■ **Task statement**
If an entry holds a picture, leave the picture out and copy the rest exactly.

■ **The data**

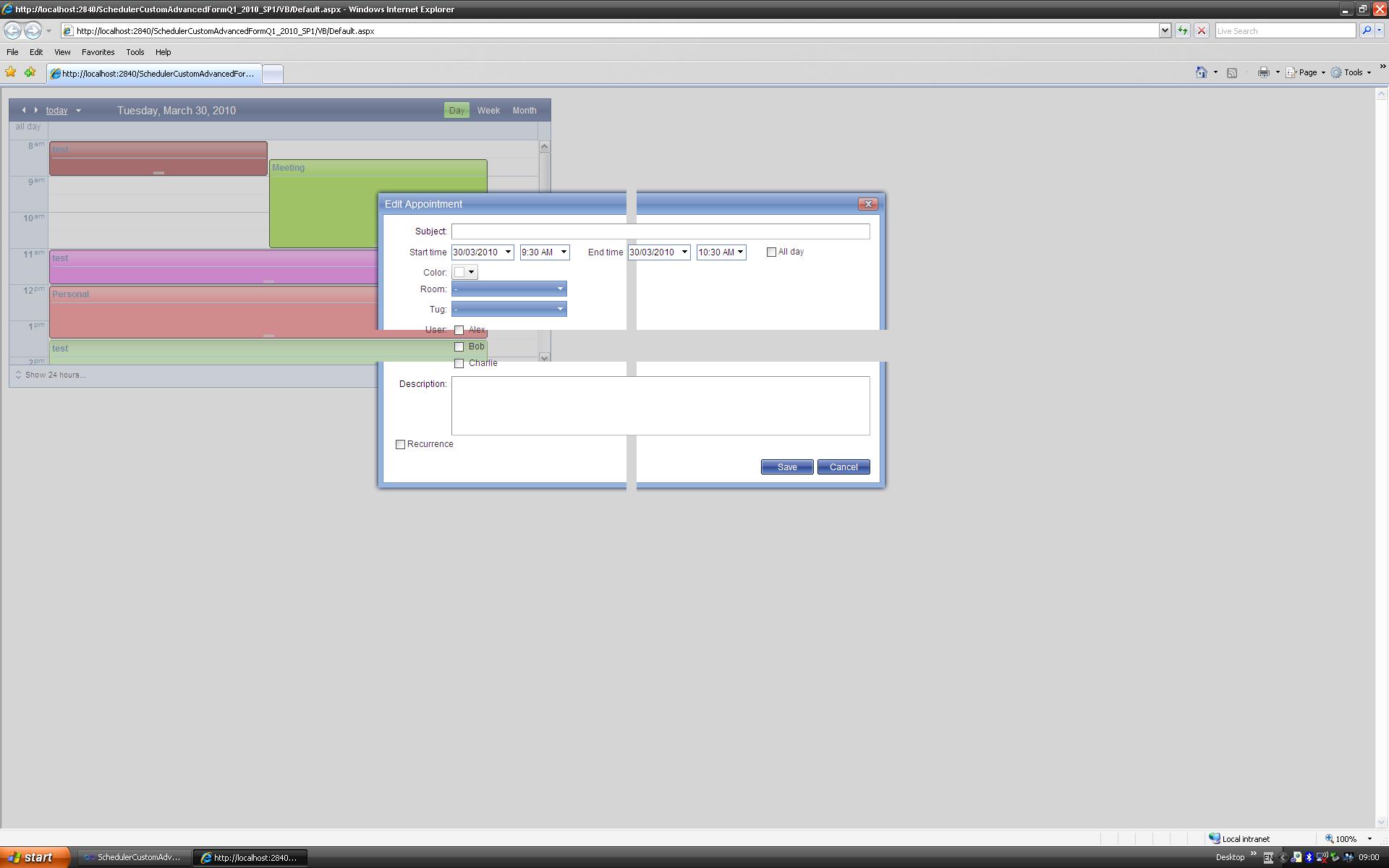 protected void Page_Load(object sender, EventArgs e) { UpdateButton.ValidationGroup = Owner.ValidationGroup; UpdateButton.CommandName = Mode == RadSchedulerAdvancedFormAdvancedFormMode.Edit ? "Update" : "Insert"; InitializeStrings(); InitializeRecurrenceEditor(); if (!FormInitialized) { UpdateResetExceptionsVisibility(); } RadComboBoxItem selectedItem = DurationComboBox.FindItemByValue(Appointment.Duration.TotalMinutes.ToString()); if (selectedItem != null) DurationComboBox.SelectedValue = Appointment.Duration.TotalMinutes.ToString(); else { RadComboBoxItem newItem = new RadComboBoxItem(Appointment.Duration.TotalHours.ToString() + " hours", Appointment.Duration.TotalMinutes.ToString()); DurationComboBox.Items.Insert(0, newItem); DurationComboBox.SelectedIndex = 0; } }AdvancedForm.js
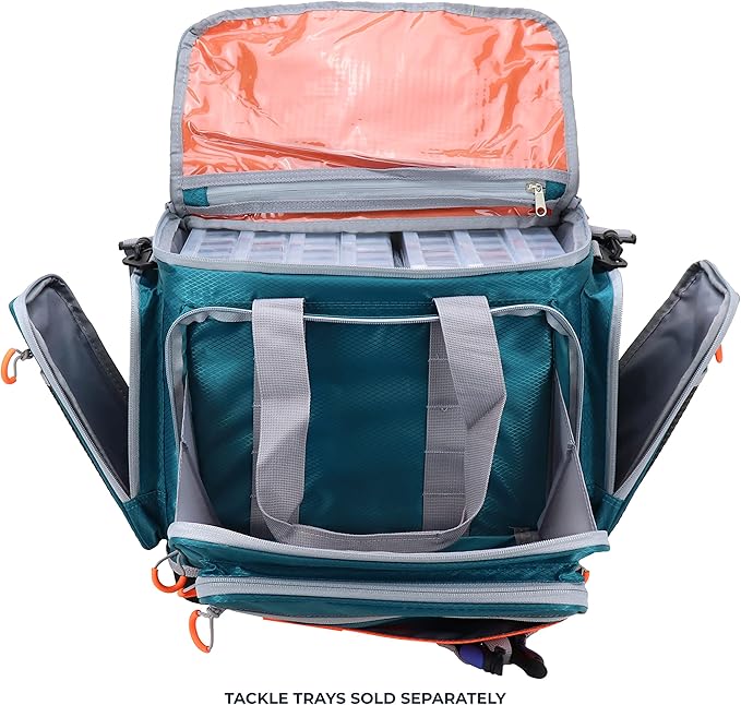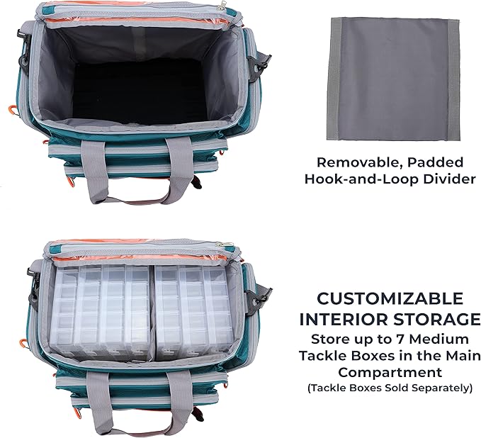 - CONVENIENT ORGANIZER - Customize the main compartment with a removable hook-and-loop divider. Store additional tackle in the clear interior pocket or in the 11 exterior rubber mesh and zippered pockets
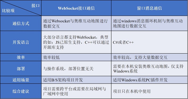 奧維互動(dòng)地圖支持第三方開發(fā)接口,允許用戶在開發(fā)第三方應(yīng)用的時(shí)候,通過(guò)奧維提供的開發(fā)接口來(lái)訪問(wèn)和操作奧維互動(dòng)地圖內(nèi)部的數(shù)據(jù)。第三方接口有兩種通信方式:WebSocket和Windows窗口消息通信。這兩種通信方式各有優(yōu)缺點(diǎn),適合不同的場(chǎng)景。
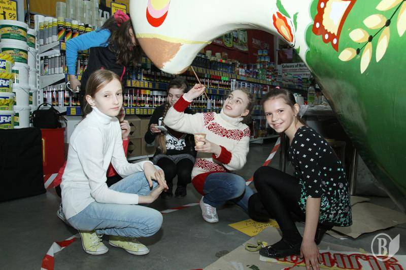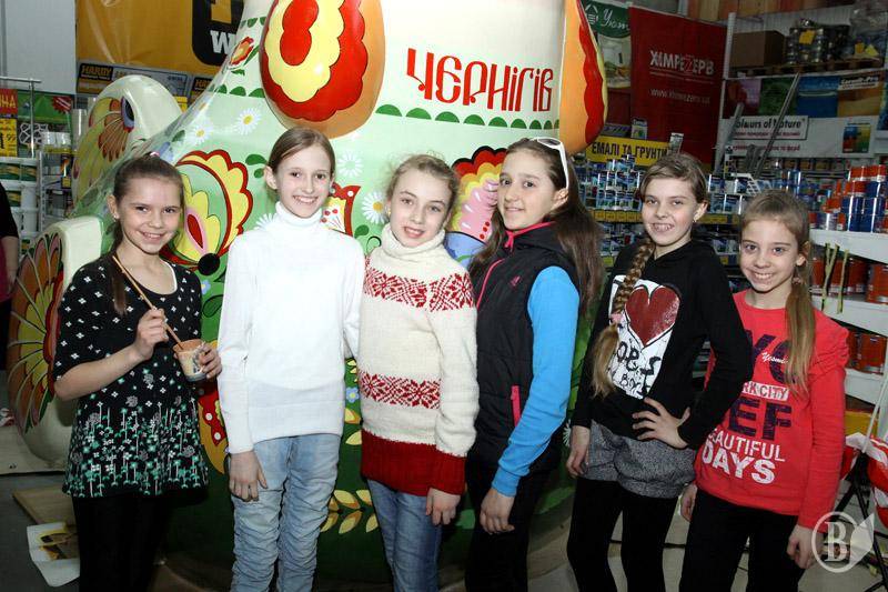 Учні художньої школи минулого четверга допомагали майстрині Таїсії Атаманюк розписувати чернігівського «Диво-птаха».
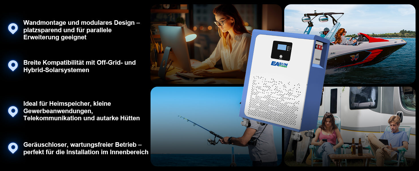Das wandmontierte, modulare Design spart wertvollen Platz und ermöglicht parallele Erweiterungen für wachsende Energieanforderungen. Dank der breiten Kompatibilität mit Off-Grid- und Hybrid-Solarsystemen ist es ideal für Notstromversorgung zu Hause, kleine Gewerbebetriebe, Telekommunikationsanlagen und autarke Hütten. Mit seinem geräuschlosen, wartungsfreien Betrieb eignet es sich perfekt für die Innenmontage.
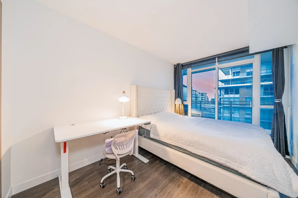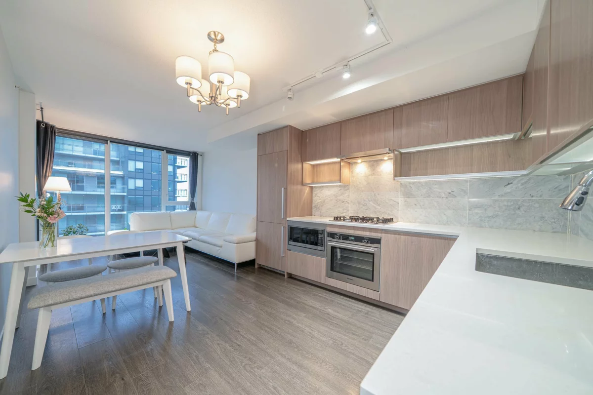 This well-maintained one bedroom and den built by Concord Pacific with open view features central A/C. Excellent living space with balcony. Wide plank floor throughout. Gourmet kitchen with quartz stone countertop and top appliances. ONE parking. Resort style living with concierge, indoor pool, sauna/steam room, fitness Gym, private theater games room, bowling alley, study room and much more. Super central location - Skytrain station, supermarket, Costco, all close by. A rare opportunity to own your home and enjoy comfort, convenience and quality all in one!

■ **Task result**
 protected void Page_Load(object sender, EventArgs e) { UpdateButton.ValidationGroup = Owner.ValidationGroup; UpdateButton.CommandName = Mode == RadSchedulerAdvancedFormAdvancedFormMode.Edit ? "Update" : "Insert"; InitializeStrings(); InitializeRecurrenceEditor(); if (!FormInitialized) { UpdateResetExceptionsVisibility(); } RadComboBoxItem selectedItem = DurationComboBox.FindItemByValue(Appointment.Duration.TotalMinutes.ToString()); if (selectedItem != null) DurationComboBox.SelectedValue = Appointment.Duration.TotalMinutes.ToString(); else { RadComboBoxItem newItem = new RadComboBoxItem(Appointment.Duration.TotalHours.ToString() + " hours", Appointment.Duration.TotalMinutes.ToString()); DurationComboBox.Items.Insert(0, newItem); DurationComboBox.SelectedIndex = 0; } }AdvancedForm.js
 - CONVENIENT ORGANIZER - Customize the main compartment with a removable hook-and-loop divider. Store additional tackle in the clear interior pocket or in the 11 exterior rubber mesh and zippered pockets
 奧維互動(dòng)地圖支持第三方開發(fā)接口,允許用戶在開發(fā)第三方應(yīng)用的時(shí)候,通過(guò)奧維提供的開發(fā)接口來(lái)訪問(wèn)和操作奧維互動(dòng)地圖內(nèi)部的數(shù)據(jù)。第三方接口有兩種通信方式:WebSocket和Windows窗口消息通信。這兩種通信方式各有優(yōu)缺點(diǎn),適合不同的場(chǎng)景。
 Учні художньої школи минулого четверга допомагали майстрині Таїсії Атаманюк розписувати чернігівського «Диво-птаха».
Das wandmontierte, modulare Design spart wertvollen Platz und ermöglicht parallele Erweiterungen für wachsende Energieanforderungen. Dank der breiten Kompatibilität mit Off-Grid- und Hybrid-Solarsystemen ist es ideal für Notstromversorgung zu Hause, kleine Gewerbebetriebe, Telekommunikationsanlagen und autarke Hütten. Mit seinem geräuschlosen, wartungsfreien Betrieb eignet es sich perfekt für die Innenmontage.
 This well-maintained one bedroom and den built by Concord Pacific with open view features central A/C. Excellent living space with balcony. Wide plank floor throughout. Gourmet kitchen with quartz stone countertop and top appliances. ONE parking. Resort style living with concierge, indoor pool, sauna/steam room, fitness Gym, private theater games room, bowling alley, study room and much more. Super central location - Skytrain station, supermarket, Costco, all close by. A rare opportunity to own your home and enjoy comfort, convenience and quality all in one!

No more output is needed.